Aid with Muscle: EU Commission Suspends Funds to Bulgaria

Today the European Commission issued an extremely critical report on Bulgaria’s fight against corruption and organized crime in the country.  So little progress has been made that the Commission decided to formally suspend aid to Bulgaria—the poorest member of the EU—and revoke the accreditation of the two government agencies that handle the funds received from the EU.

“The fight against high-level corruption and organised crime is not producing results . . . Corruption and fraud is affecting the delivery of EU financial assistance . . . A clear strategy to cleanse the system is needed,” a final draft of the report states, according to the Financial Times.

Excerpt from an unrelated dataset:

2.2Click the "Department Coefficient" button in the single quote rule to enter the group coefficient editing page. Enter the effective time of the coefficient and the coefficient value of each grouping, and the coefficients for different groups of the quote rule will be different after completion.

The financial sanctions come as a harsh blow to Bulgaria, which has relied heavily on pre-accession funding from the EU to develop infrastructure and spur economic growth.  The country could lose 600 million Euros, if not more, in pre-accession transfers.

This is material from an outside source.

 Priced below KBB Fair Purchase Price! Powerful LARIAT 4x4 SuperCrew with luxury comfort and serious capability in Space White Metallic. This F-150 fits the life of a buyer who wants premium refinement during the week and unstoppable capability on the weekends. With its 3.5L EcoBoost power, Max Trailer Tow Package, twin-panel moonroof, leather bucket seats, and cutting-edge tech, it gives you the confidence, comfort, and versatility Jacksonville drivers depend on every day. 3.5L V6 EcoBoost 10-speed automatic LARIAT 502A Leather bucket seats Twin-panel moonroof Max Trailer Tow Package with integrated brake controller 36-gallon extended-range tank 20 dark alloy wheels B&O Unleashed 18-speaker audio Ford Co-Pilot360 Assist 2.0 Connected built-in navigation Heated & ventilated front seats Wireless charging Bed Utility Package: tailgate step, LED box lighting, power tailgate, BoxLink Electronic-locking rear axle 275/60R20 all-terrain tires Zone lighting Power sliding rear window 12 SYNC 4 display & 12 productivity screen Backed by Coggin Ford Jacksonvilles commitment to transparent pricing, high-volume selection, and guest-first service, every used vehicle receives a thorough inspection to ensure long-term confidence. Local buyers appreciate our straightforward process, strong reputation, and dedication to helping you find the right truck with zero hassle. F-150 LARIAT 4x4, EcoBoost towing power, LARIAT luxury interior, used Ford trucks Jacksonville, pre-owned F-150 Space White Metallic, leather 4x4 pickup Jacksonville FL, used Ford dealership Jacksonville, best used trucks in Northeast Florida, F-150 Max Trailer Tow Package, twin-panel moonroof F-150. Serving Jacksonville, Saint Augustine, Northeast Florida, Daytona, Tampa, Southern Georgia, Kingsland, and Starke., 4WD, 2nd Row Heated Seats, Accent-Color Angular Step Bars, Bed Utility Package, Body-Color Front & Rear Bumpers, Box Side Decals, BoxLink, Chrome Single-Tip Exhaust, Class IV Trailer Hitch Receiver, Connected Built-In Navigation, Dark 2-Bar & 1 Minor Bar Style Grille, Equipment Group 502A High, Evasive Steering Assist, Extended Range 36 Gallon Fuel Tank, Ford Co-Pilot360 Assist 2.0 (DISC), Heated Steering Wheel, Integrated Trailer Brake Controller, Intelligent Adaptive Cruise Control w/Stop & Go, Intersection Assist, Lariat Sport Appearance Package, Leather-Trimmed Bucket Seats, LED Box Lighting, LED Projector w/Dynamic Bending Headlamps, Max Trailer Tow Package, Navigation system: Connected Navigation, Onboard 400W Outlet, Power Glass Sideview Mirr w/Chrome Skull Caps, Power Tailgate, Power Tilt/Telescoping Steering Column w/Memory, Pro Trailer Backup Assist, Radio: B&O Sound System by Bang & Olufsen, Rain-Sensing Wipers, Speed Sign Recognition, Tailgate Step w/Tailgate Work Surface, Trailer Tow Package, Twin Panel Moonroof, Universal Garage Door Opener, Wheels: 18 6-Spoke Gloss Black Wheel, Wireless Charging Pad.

Bulgaria’s entry into the EU in 2007 was conditional on progress in judicial reforms.  However, the country has yet to enter the Schengen area of passport-free travel and the eurozone.  Workers in Bulgaria are eager for the country to be admitted to the areas in order to free themselves from employment and travel restrictions.  But, public concern over the country’s future in the EU has grown, especially in the wake of a string of scandals earlier this year that led Bulgarian President Georgy Parvanov to call for “uncompromising, tough action” against organized crime and corruption.  Judging by the European Commission’s announcements today, it seems that the calls were not tough enough.